Background: Belief in God is very common and tied to mental health/illness in the general population, yet its relevance to psychiatric patients has not been adequately studied. We examined relationships between belief in God and treatment outcomes, and identified mediating mechanisms.
Methods: We conducted a prospective study with n=159 patients in a day-treatment program at an academic psychiatric hospital. Belief in God, treatment credibility/expectancy, emotion regulation and congregational support were assessed prior to treatment. Primary outcomes were treatment response as well as degree of reduction in depression over treatment. Secondary outcomes were improvements in psychological well-being and reduction in self-harm.

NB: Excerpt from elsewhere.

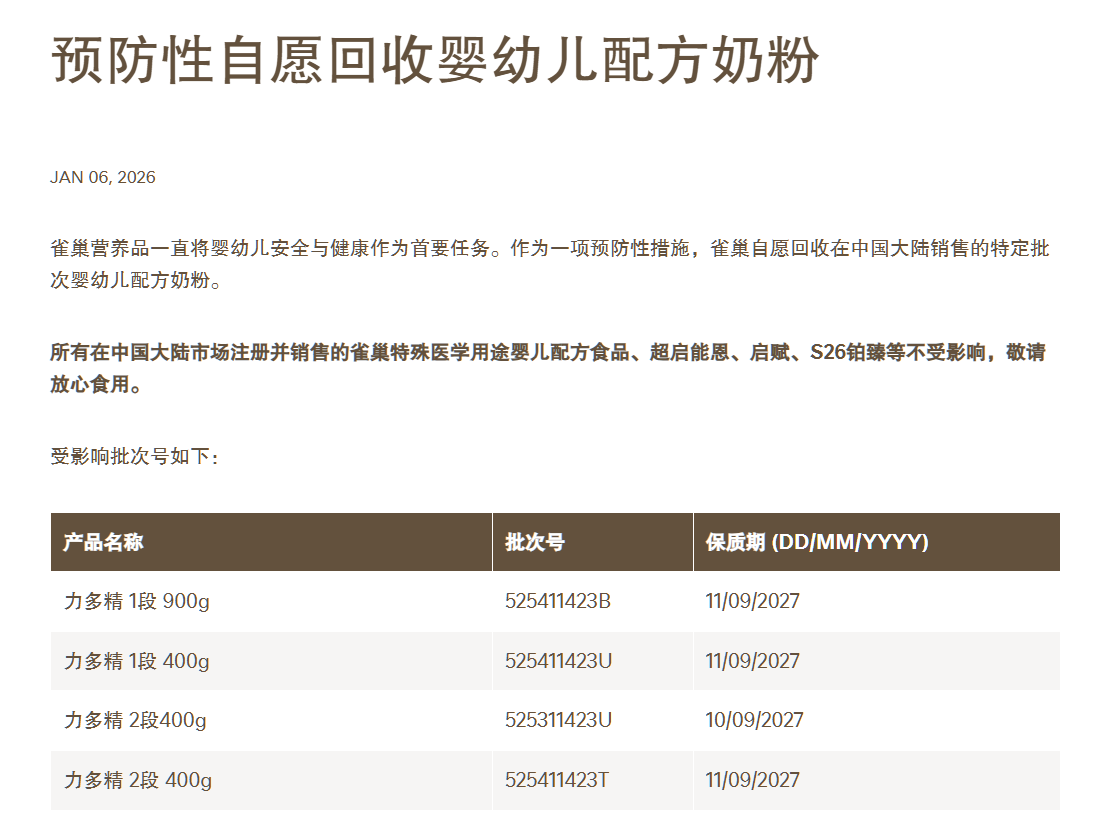 1月6日,雀巢大中華區(qū)官方網(wǎng)站發(fā)布兩則《預(yù)防性自愿回收嬰幼兒配方奶粉》公告。一份公告針對(duì)在中國(guó)大陸銷售的特定批次嬰幼兒配方奶粉,涉及力多精、鉑初能恩、舒宜能恩以及惠氏膳兒加兒童成長(zhǎng)奶粉等30批次產(chǎn)品。另一份公告則針對(duì)所有此次涉事的進(jìn)口自歐洲、在中國(guó)大陸跨境電商渠道銷售的嬰幼兒配方奶粉,涉及“Nestlé BEBA Supreme”“惠氏Wyeth啟賦未來(lái)”等41批次產(chǎn)品。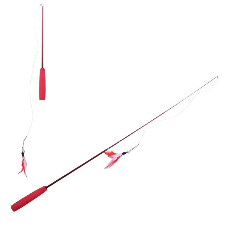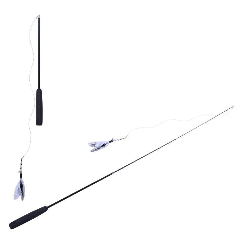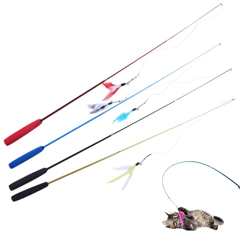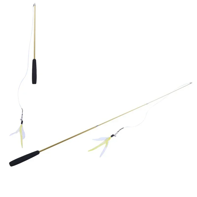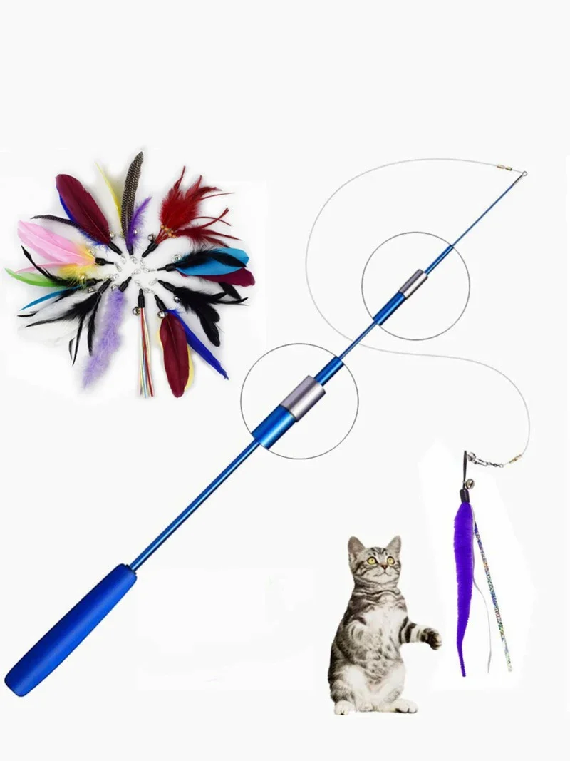 Interactive Cat Feather Toy Feather Teaser Stick Wand Pet Retractable Feather Bell Refill Replacement Catcher Product for Kitten

Results: Belief in God was significantly higher among treatment responders than non-responders F(1,114)=4.81, p<.05. Higher levels of belief were also associated with greater reductions in depression (r=.21, p<.05) and self-harm (r=.24, p<.01), and greater improvements in psychological well-being (r=.19, p<.05) over course of treatment. Belief remained correlated with changes in depression and self-harm after controlling for age and gender. Perceived treatment credibility/expectancy, but not emotional regulation or community support, mediated relationships between belief in God and reductions in depression. No variables mediated relationships to other outcomes. Religious affiliation was also associated with treatment credibility/expectancy but not treatment outcomes.
Conclusions: Belief in God, but not religious affiliation, was associated with better treatment outcomes. With respect to depression, this relationship was mediated by belief in the credibility of treatment and expectations for treatment gains.